The resources folder contains main regional-specific data inputs for the resource and load estimation. These data are being generated during the model run and usually do not require any interactions from you. It may be worth to explore particular data in the resource folder to better understand the underlying data of your model.

### 2.4. Folder `cutouts`

The folder `cutouts` contains the cutouts files that contains timeseries of the renewable production for the region of interest, which are generated using [Atlite](https://github.com/PyPSA/atlite).
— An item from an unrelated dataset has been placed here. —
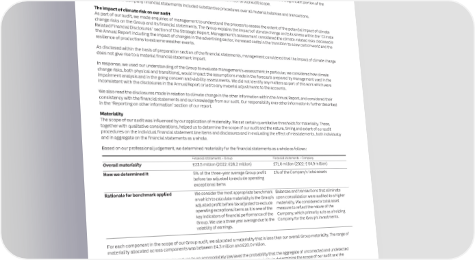 152 ITV plc Annual Report and Accounts 2023 ITV plc Annual Report and Accounts 2023 153 F I INDEPENDENT AUDITORS’ REPORT TO THE MEMBERS OF ITV PLC NAN CONTINUED C I AL Where the work was performed by component audit teams, we determined the level of involvement we needed to have in the audit work at Conclusions relating to going concern S T those components to be able to conclude whether sufficient appropriate audit evidence had been obtained as a basis for our opinion on the Our evaluation of the Directors’ assessment of the Group’s and the Company’s ability to continue to adopt the going concern basis of A T Group financial statements as a whole. Our oversight procedures included the issuance of formal, written instructions to component auditors E accounting included: M setting out the work to be performed and regular communication throughout the audit cycle including regular component calls and a site visit • A critical assessment of management’s base case and downside scenarios, challenging and obtaining corroborating evidence for the E N to the component team in the Netherlands, review of component auditor work papers and participation in audit clearance meetings. key assumptions, and verifying that the forecasts have been subject to board review and approval T • Examining the Group’s available financing, including related covenants, and maturity profile to assess liquidity through the assessment S Taken together, the components where we performed our audit work accounted for 79% of the Group’s external revenue, and 78% of the period Group’s absolute profit before tax and operating exceptional items. This was before considering the contribution to our audit evidence from • Reviewing the key inputs into the model management used to develop their scenarios to ensure that these were consistent with our performing audit work at the Group level, including disaggregated analytical review procedures, which covers a significant portion of the understanding and the inputs used in other key accounting judgements in the financial statements such as impairment Group’s smaller and lower risk components that were not directly included in our Group audit scope. • Assessing the historical reliability of management forecasting by comparing budgeted results to actual performance Our audit of the Company financial statements included substantive procedures over all material balances and transactions. • Performing our own independent sensitivity analysis to assess appropriate downside scenarios The impact of climate risk on our audit Based on the work we have performed, we have not identified any material uncertainties relating to events or conditions that, individually As part of our audit, we made enquiries of management to understand the process to assess the extent of the potential impact of climate or collectively, may cast significant doubt on the Group’s and the Company’s ability to continue as a going concern for a period of at least change risks on the Group and its financial statements. The Group explains the impact of climate change on its business within the ‘Climate twelve months from when the financial statements are authorised for issue. Related Financial Disclosures’ section of the Strategic Report. Management’s assessment considered the climate-related risks disclosed in In auditing the financial statements, we have concluded that the Directors’ use of the going concern basis of accounting in the preparation the Annual Report including the impact of changes in the advertising sector, increased costs in the transition to a low carbon world and the of the financial statements is appropriate. resilience of productions to extreme weather events. However, because not all future events or conditions can be predicted, this conclusion is not a guarantee as to the Group’s and the As disclosed within the basis of preparation section of the financial statements, management considered that the impact of climate change Company’s ability to continue as a going concern. does not give rise to a material financial statement impact. In relation to the Directors’ reporting on how they have applied the UK Corporate Governance Code, we have nothing material to add or draw In response, we used our understanding of the Group to evaluate management’s assessment; in particular, we considered how climate attention to in relation to the Directors’ statement in the financial statements about whether the Directors considered it appropriate to change risks, both physical and transitional, would impact the assumptions made in the forecasts prepared by management used in the adopt the going concern basis of accounting. impairment analysis and in the going concern and viability assessments. We did not identify any matters as part of this work which were inconsistent with the disclosures in the Annual Report or led to any material adjustments to the accounts. Our responsibilities and the responsibilities of the Directors with respect to going concern are described in the relevant sections of this report. We also read the disclosures made in relation to climate change in the other information within the Annual Report, and considered their consistency with the financial statements and our knowledge from our audit. Our responsibility over other information is further described Reporting on other information in the ‘Reporting on other information’ section of our report. The other information comprises all of the information in the Annual Report other than the financial statements and our auditors’ report Materiality thereon. The Directors are responsible for the other information. Our opinion on the financial statements does not cover the other materiality. These, information and, accordingly, we do not express an audit opinion or, except to the extent otherwise explicitly stated in this report, any form The scope of our audit was influenced by our application of mate

Currently, after you download the data from the google drive, you can find a pre-compiled file already built for Africa, for simplicity; however, if a different region shall be investigated, then the file has to be generated for the specific region.

To do so, it is possible enable the rule `build_cutout`, which automatically generates the cutout for the selected regions by using Atlite. Enabling it and downloading the data can take 1-2 days for a continent depending on the status of the geodata server (we are using Copernicus Data Store). 

To enable the rule, you shall go into the `config.yaml` file and change the corresponding boolean value in the `enable` section

``` python
enable:
  build_cutout: true
```

Normally cutout extent is calculated from the shape of the requested region defined by the `countries` parameter in the configuration file `config.yaml`. It could make sense to set the countries list as big as it's feasible when generating a cutout. A considered area can be narrowed anytime when building a specific model by adjusting content of the `countries` list.

To run `build_cutout` rule you will need to: 

1. be registered on  the [Copernicus Climate Data Store](https://cds.climate.copernicus.eu);

2. install `cdsapi` package  (can be installed with `pip`);

3. setup your CDS API key as described [on their website](https://cds.climate.copernicus.eu/api-how-to).

These steps are required to use CDS API which allows an automatic file download while executing `build_cutouts` rule.

**Once the build_cutout has been executed, we recommend to disable it, once the files have been generated.** Be aware that the cutouts file are very large 10-20GB for 1 continent.